Moreover, the DOI is a paradigm shift (though, conceptually, it was preceded by the likes of the UPC code and the ISO's HyTime multimedia standard). It blurs the borders between types of digital content. Imagine an e-novel with the video version of the novel, the sound track, still photographs, a tourist guide, an audio book, and other digital content embedded in it. Each content type and each segment of each content type can be identified and tagged separately and, thus, sold separately - yet all under the umbrella of the same DOI! The nightmare of DRM (digital rights management) may be finally over.

But the DOI is much more than a sophisticated tagging technology. It comes with multiple resolution (see "Embarrassment of Riches - Part I"). In other words, as opposed to the URL (Universal Resource Locator) - it is generated dynamically, "on the fly", by the user, and is not "hard coded" into the web page. This is because the DOI identifies content - not its location. And while the URL resolves to a single web page - the DOI resolves to a lot more in the form of publisher-controlled (ONIX-XML) "metadata" in a pop-up (Javascript or other) screen. The metadata include everything from the author's name through the book's title, edition, blurbs, sample chapters, other promotional material, links to related products, a rights and permissions profile, e-mail contacts, and active links to retailers' web pages. Thus, every book-related web page becomes a full fledged book retailing gateway. The "anchor document" (in which the DOI is embedded) remains uncluttered. ONIX 2.0 may contain standard metadata fields and extensions specific to e-publishing and e-books.

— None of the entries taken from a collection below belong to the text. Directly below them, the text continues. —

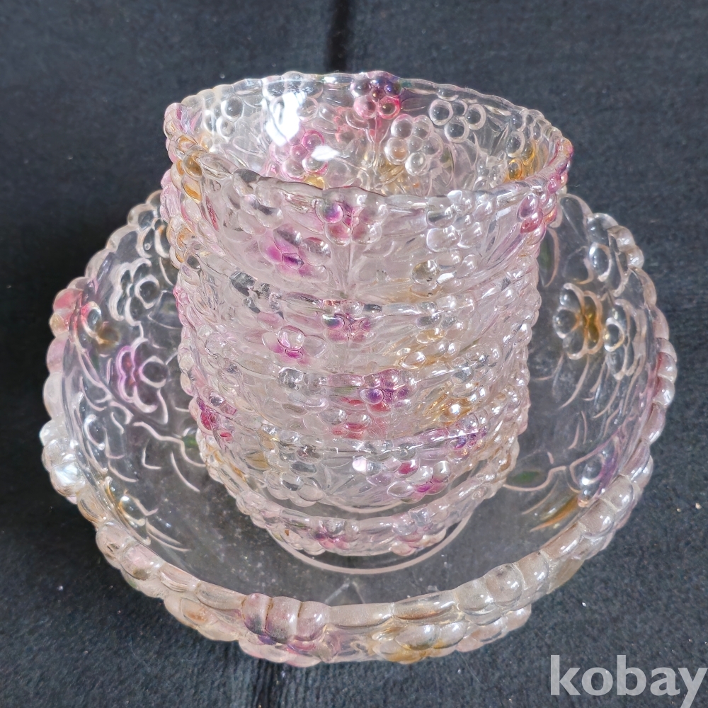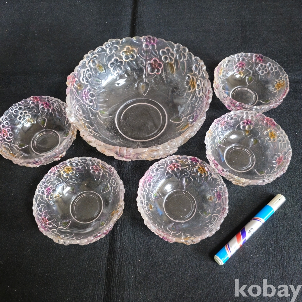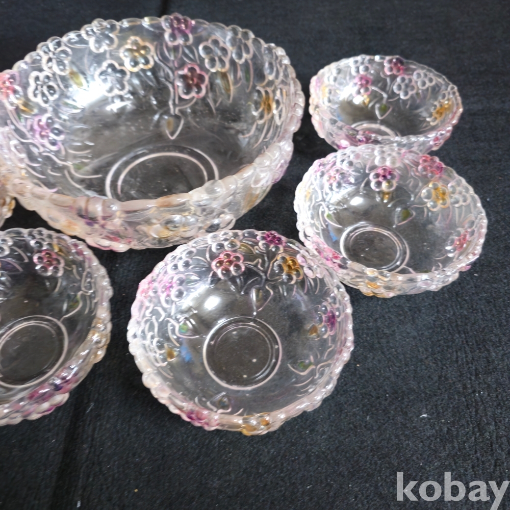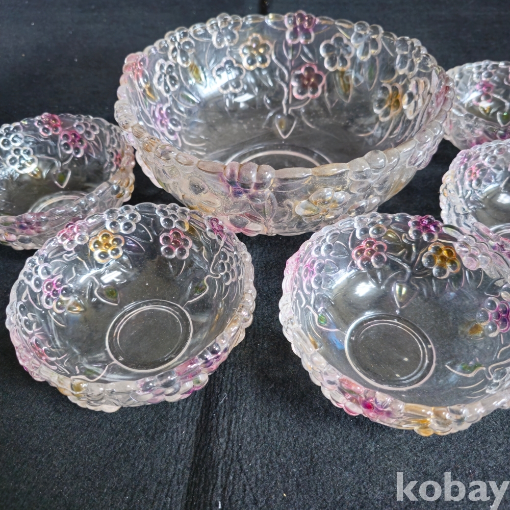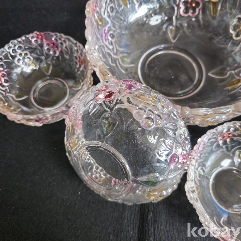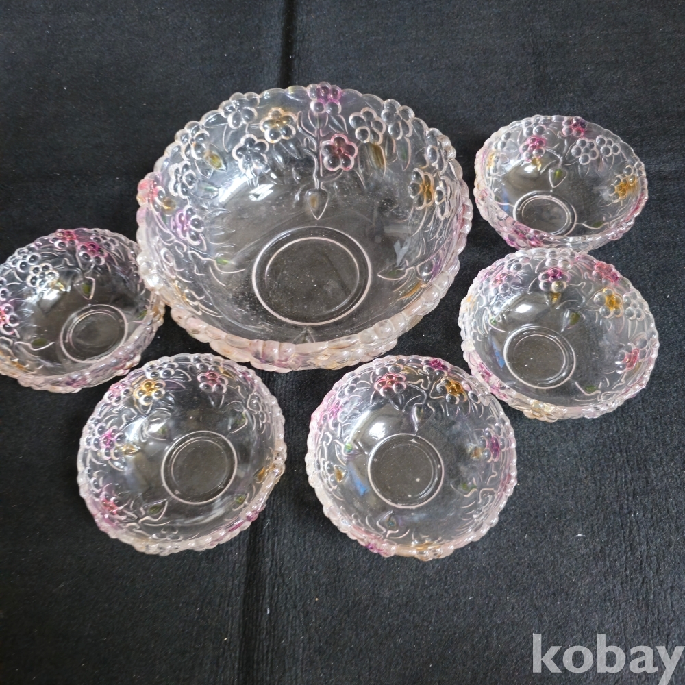 (((근현대사자료))) 1980년대 꽃무늬 양각 화채볼과 식기 5개
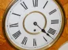 Oak Emperor Short Drop Schoolhouse Clock time only; tiger oak case; 11 1/2" dial; partial label. 26 1/2"
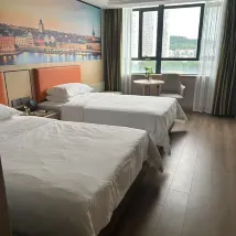 房間雖然不算大,但是乾淨整潔,床1.35還是挺大的,拼一起很適合帶娃,早餐也不錯還有米粉。工作人員態度好,十一入住送了小國慶,小朋友也有小童拖鞋和牙刷
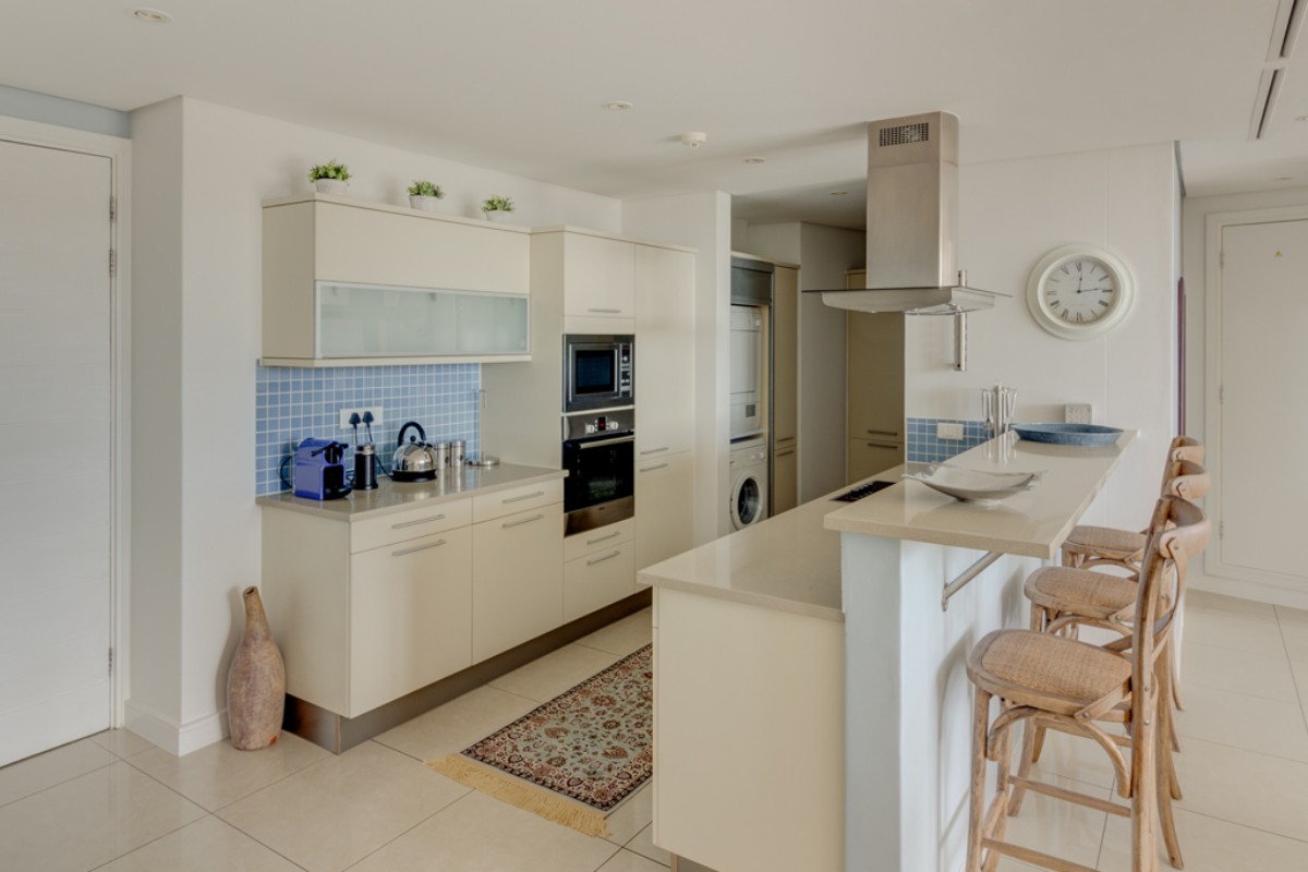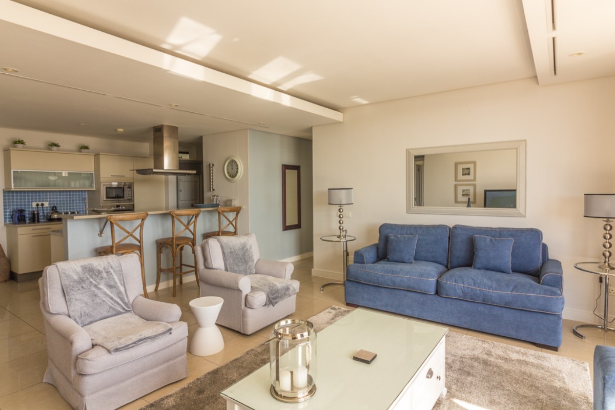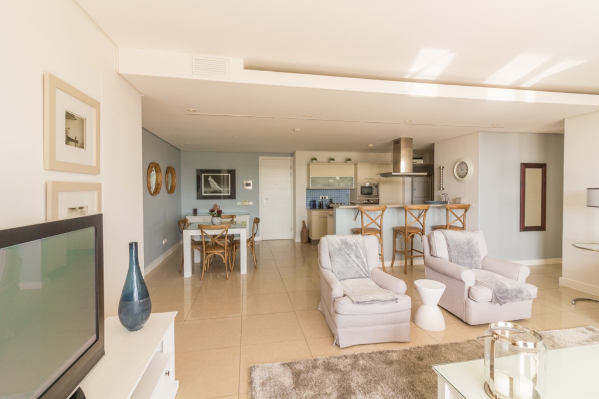 In the main living area is a fully equipped kitchen with a separate scullery, dining for four guests and a spacious TV lounge with comfortable couches. Sliding doors lead out onto the balcony where you will find sun loungers and outdoor dining.
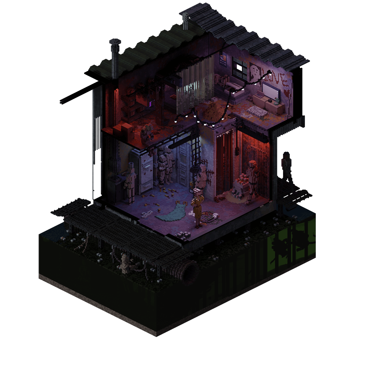 A vandalized shack littered with mannequins, the only audience of a once famous model who, after an incident at one of her shows, has plummetted down the ranks of NeoTokyo and into a life of poverty and neglect.
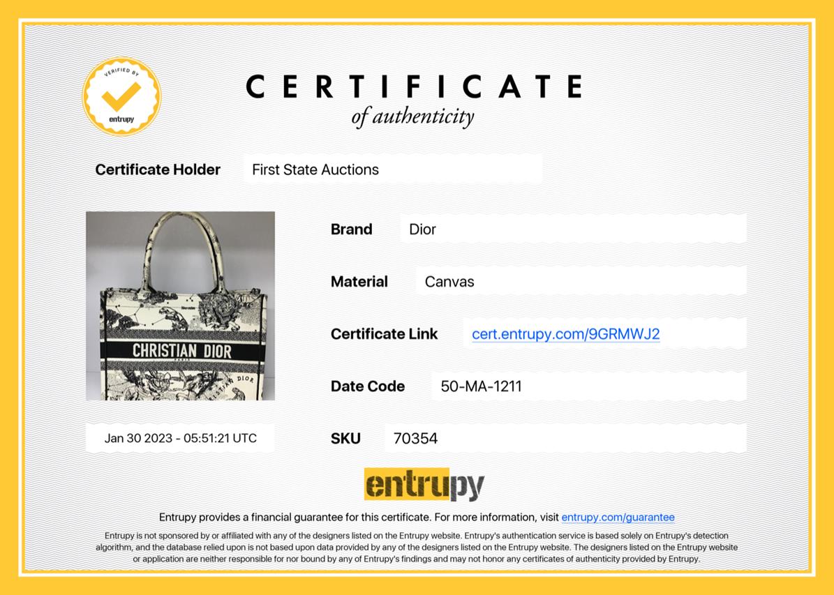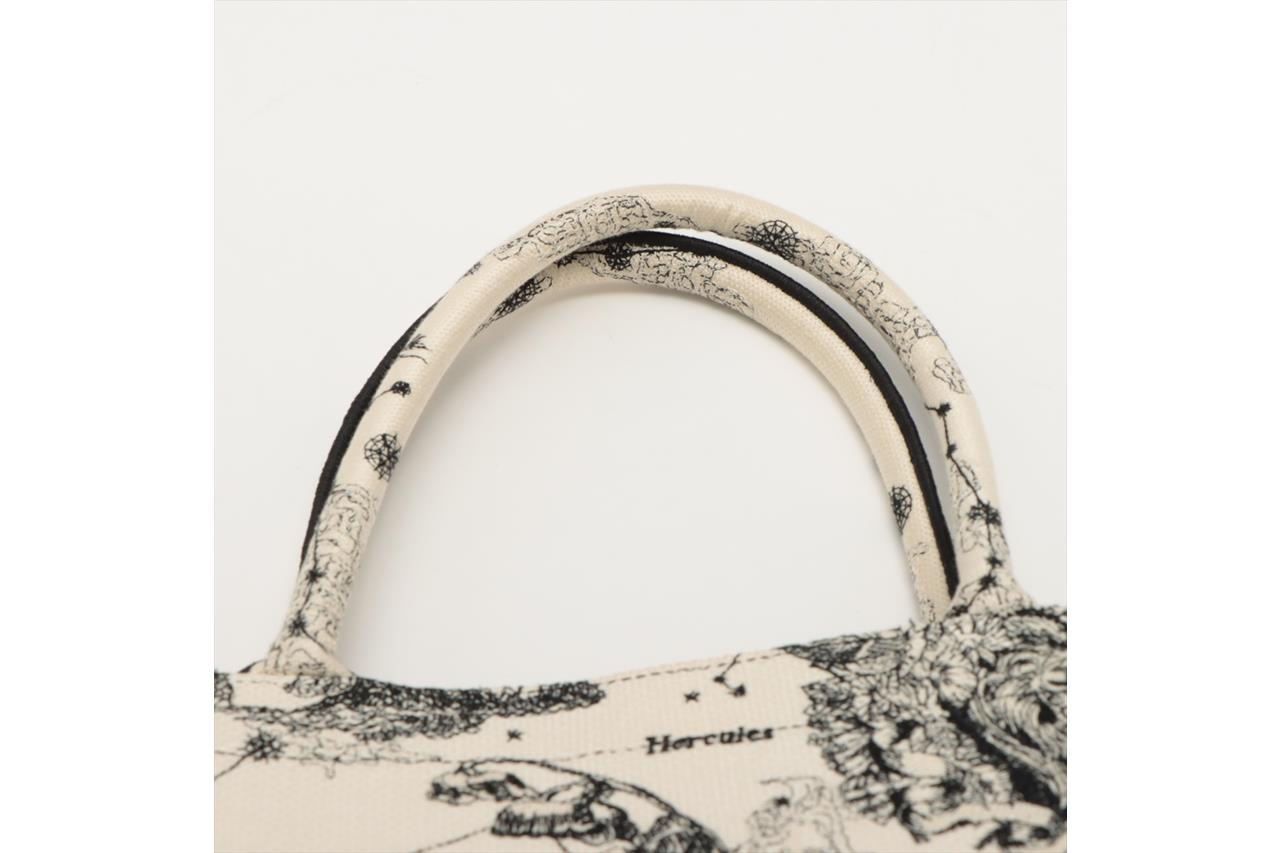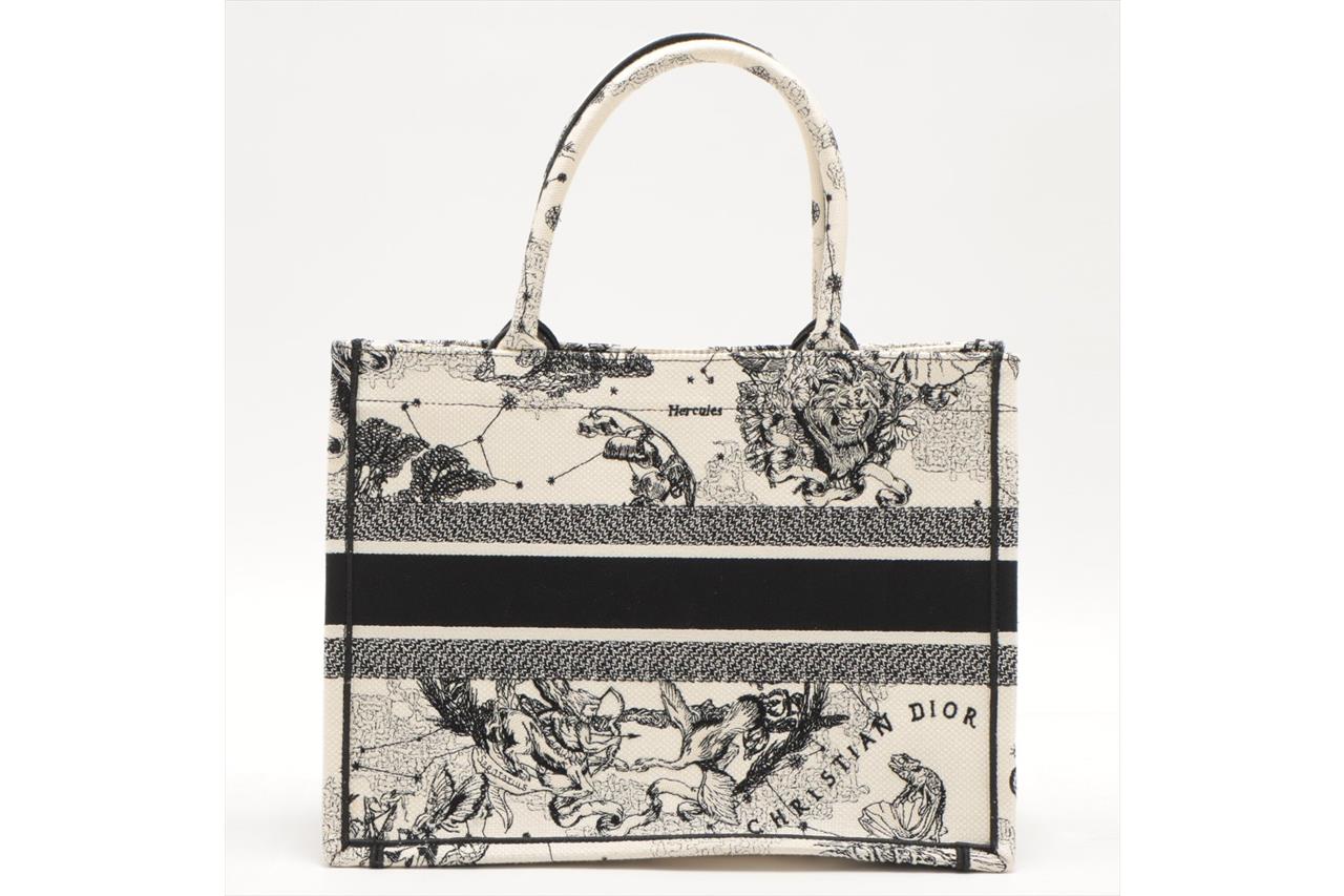 Christian Dior Medium Dior book tote bag in black/white canvas, fully embroidered with a latte Dior Zodiac motif. Adorned with the 'CHRISTIAN DIOR PARIS' signature on the front. Approximate dimensions: 36cm(L) x 27cm(H) x 16.5cm(D), 17cm handle height. With Entrupy Certificate of Authenticity. (Pre-owned)
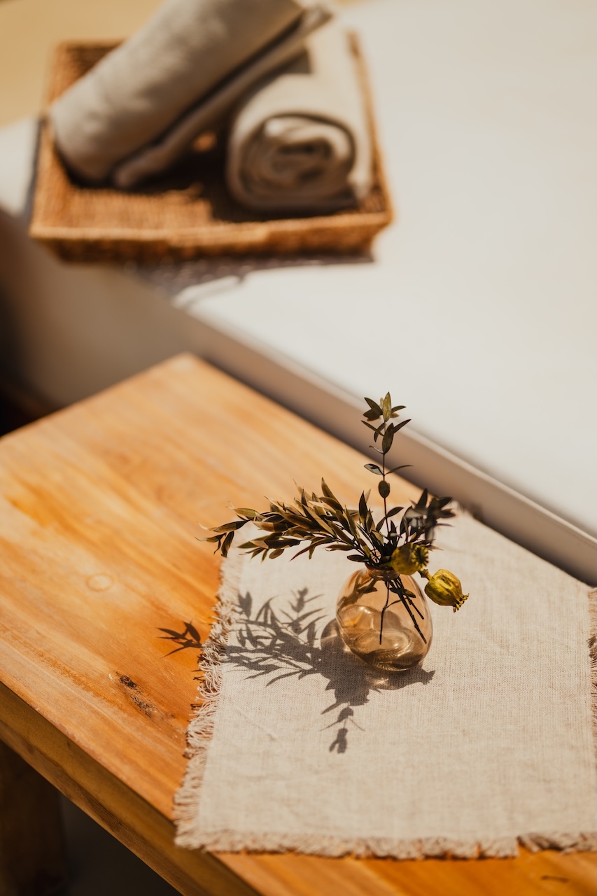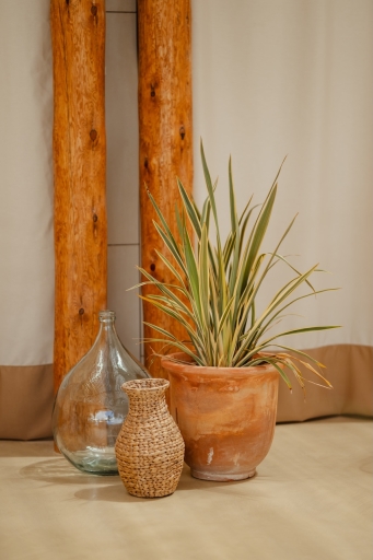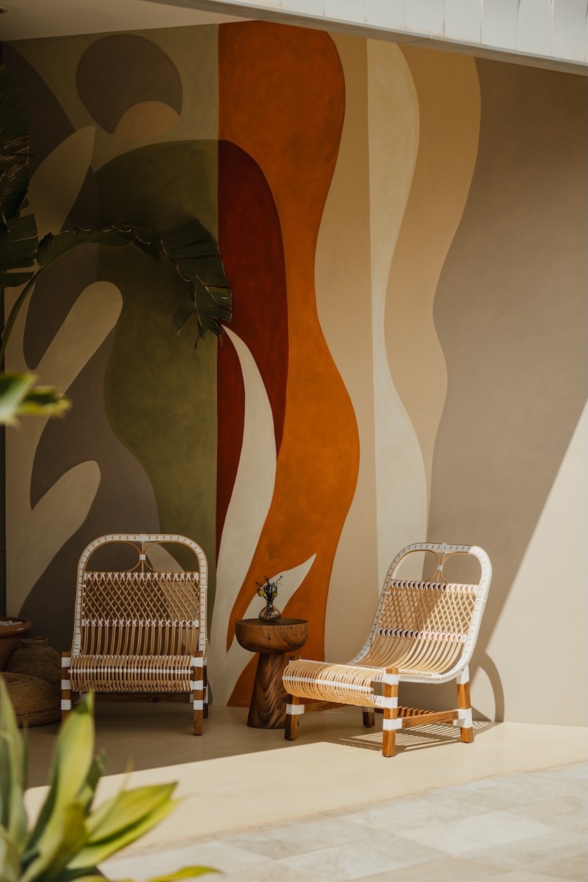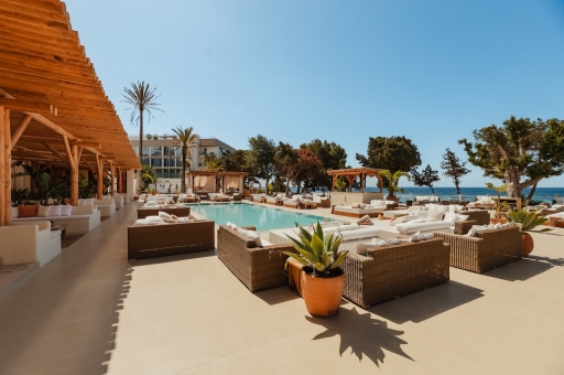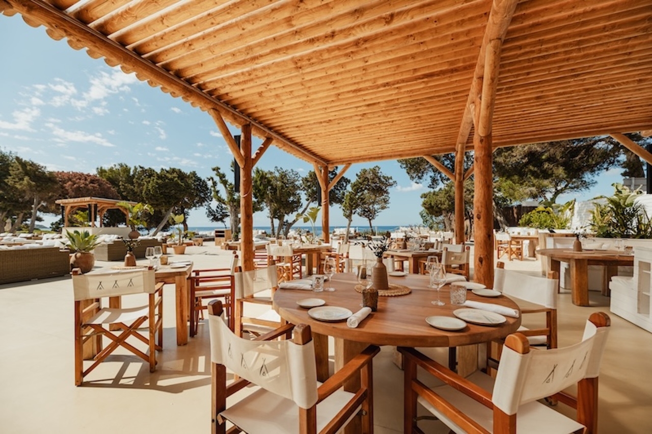 The design blends natural and modern elements to create a luxurious, inviting atmosphere. The outdoor dining area features wooden furniture and a pergola, offering shaded comfort with views of the beach and lush greenery. Light-colored materials and rustic wooden structures contribute to the beachside aesthetic, while seating areas with white-cushioned lounge spaces and natural wooden tables enhance the relaxed, sophisticated vibe. Personalized hand-painted Ibizencan tiles provide a striking and special touch to the restaurant, alongside traditional "hierbas de Ibiza" centerpieces for a true island experience. Three walls are adorned with hand-made paintings by renowned Spanish artist Curro Leyton, adding an artistic touch. Locally sourced terracotta pots further emphasize the artisanal feel, while curtains crafted from off-white Ibizencan linen contribute to the light, airy atmosphere. Elegant signage with sophisticated typography on wooden backdrops reinforces the brand’s identity, creating a seamless blend of nature and luxury—a perfect setting for relaxation and socializing.
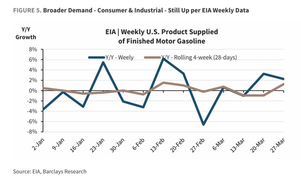 由于信用卡交易数据仅记录交易金额而非实际加仑数,巴克莱通过总支出与 AAA 平均零售油价推算消费量。为剔除季节性因素——尤其是从冬季向夏季驾驶旺季过渡期间的波动——分析采用同比口径。
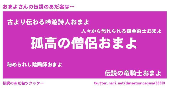 | ファンタジー風あだ名 | 『ファントムオマス』『ユリオマヴァット』 |
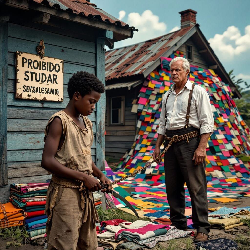 A striking picture of a Black boy cutting fabric with a machete next to a wooden house. Rendered as detailed matte painting with fantasy elements and vibrant complementary colors. Resembles digital artwork trending on ArtStation.

This latter feature - the ability to link to the systems of retailers, distributors, and other types of vendors - is the "barcode" function of the DOI. Like barcode technology, it helps to automate the supply chain, and update the inventory, ordering, billing and invoicing, accounting, and re-ordering databases and functions. Besides tracking content use and distribution, the DOI allows to seamlessly integrate hitherto disparate e-commerce technologies and facilitate interoperability among DRM systems.

The resolution itself can take place in the client's browser (using a software plug-in), in a proxy server, or in a central, dynamic server. Resolving from the client's PC, e-book reader, or PDA has the advantage of being able to respond to the user's specific condition (location, time of day, etc.). No plug-in is required when a proxy server HTTP is used - but then the DOI becomes just another URL, embedded in the page when it is created and not resolved when the user clicks on it. The most user-friendly solution is, probably, for a central server to look up values in response to a user's prompt and serve her with cascading menus or links. Admittedly, in this option, the resolution tables (what DOI links to what URL's and to what content) is not really dynamic. It changes only with every server update and is static between updates. But this is a minor inconvenience. As it is, users are likely to respond with some trepidation to the need to install plug-ins and to the avalanche of information their single, innocuous, mouse click generates.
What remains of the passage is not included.